The question of an oil - natural gas pipeline allows for serious questioning of the U.S. effort. The Soviet goals seem more legitimate, grounded as they were in regional realities. At best, the Russo-Afghan war was a mirror-image of the U.S. effort.


Borovik's book is the more literary of the two, filled with poignant observation and eloquent quotations. Below are some excerpts to whet your appetite,
from the deja vu department:

"When the soldiers first went to war, evil was a dushman. Then it became "the insurgents". A little later on, "the rebels." Finally, it was known "the armed resistance."

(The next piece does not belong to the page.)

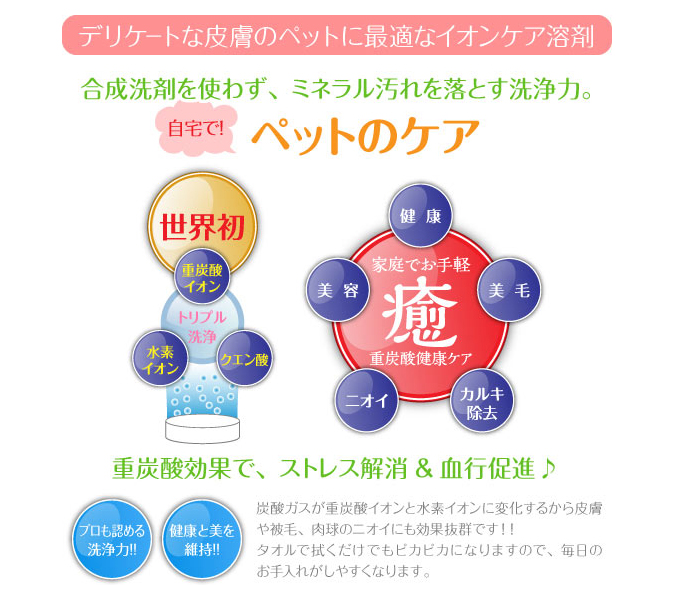 合成洗剤、合成界面活性剤を使用せず、重炭酸イオン、水素イオン、クエン酸の相乗効果により、皮脂の多いベタつきのある汗や、被毛・肉球にこびりついた臭いの元になるミネラル汚れを落とします。

"The decision to send troops into Afghanistan was being made by several top government leaders behind closed doors, said E. A. Shevardnadze, the Minister of Foreign Affairs of the Soviet Union, in an interview in
Izvestia."

" ... more though should have been given before the troops were sent in, It was necessary to know Afghanistan, to understand the Afghan people. If sending in the troops was a mistake, it was caused by a failure to understand Afghanistan -- by a poor knowledge of the country and the Afghan character."


"Many of the Kremlin leaders perceived life through the thick prism of ideological dogmas, which often played a decisive role in the process of political decision-making on the highest level."


"Alexander Haig, the former U.S. secretary of state, offered yet another explanation. the Soviet Union invaded Afghanistan, he told me in April of 1988, to undermine the strengthening of the Islamic fundamentalist belt at its southern borders."


"It is absolutely clear that without the help of the United States, Pakistan, China and Egypt, the Afghan armed resistance would have had nothing to fight with."


"Some hideous meaning was buried there, inaccessible to a sober mind. That's when I realized that what happened in Afghanistan outside the psychiatric wards was the true insanity. The psych ward, in fact, was only a way out of the insanity called war."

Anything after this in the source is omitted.